Kita felt he hadn’t come across such innocence in a long time, and he found himself placing his hand over Shinobu’s where it lay on the Bible. She came to herself with a start, and gazed at him with serious eyes, making him feel so awkward that he withdrew his hand again.
“I’m so sorry. What have I been saying? I’ve just rambled on about myself without thinking. You wouldn’t care about any of this, would you Kita?”
“There’s no salvation for me I’m afraid.”
“That’s not true. Actually, when I looked in your eyes I just suddenly wanted to blurt out everything that was in my heart – all my troubles. I don’t know why.”
“What sort of eyes do I have, I wonder?”
“I can’t really express it, but they’re completely different from those guys’. Gentle eyes, quiet eyes…”

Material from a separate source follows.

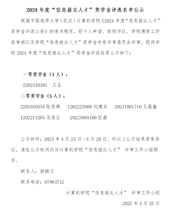 2024年度“信息拔尖人才”奖学金评选名单公示

She might think so, thought Kita, but in fact he was quite unqualified to play the role of counsellor. To hide his embarrassment, he smiled and crossed his gentle right eye and his quiet left one at her. A short silence followed, which he filled by pouring more wine. It suddenly struck him that he’d never seriously prayed to God or Buddha. This was followed by a sudden urge to bludgeon her with something cruel.
“So what exactly has Jesus ever done for you?”
Her right hand on the Bible and her left on the wine glass, Shinobu was stumped for an answer. Her lips opened and closed like a goldfish. Kita followed through with, “Was it Jesus who led you into the performance world, for instance?”
“No way,” Shinobu responded in a low, indistinct voice. Then her voice suddenly grew high, and she spoke normally again. “But he may have been testing me, I guess.
“Jesus will do anything for us. Anything to do with the soul. I’m convinced he’s protected my soul from being dirtied by money and fame and hatred. I have to throw off my old self as soon as I can, and take on a new self, one that’s like Jesus – that’s what I believe.”
“You’ll shed your skin?”
“I must learn to become naked body and soul, atone for my sins, and love my fellow man. My aim is to free myself through the teachings of Jesus.”
Why was she confessing her faith to him like this? And why was he moved by it, condemned to self-appointed execution though he was? He’d been planning on spending a much more frivolous, not to say vulgar time with Shinobu than this was turning out to be. Things had gone seriously awry here.
Shinobu had begun to look as though possessed while she was making her confession of faith. The girl who’d sat down beside him in the dimly lit bar thirty minutes earlier had quite disappeared. Perhaps this possession of hers had something to do with it, but the bar seemed somehow brighter. And that girl who’d seemed like an exquisite doll had now become a real live person no different from himself, with flesh and substance and body heat that he could actually feel.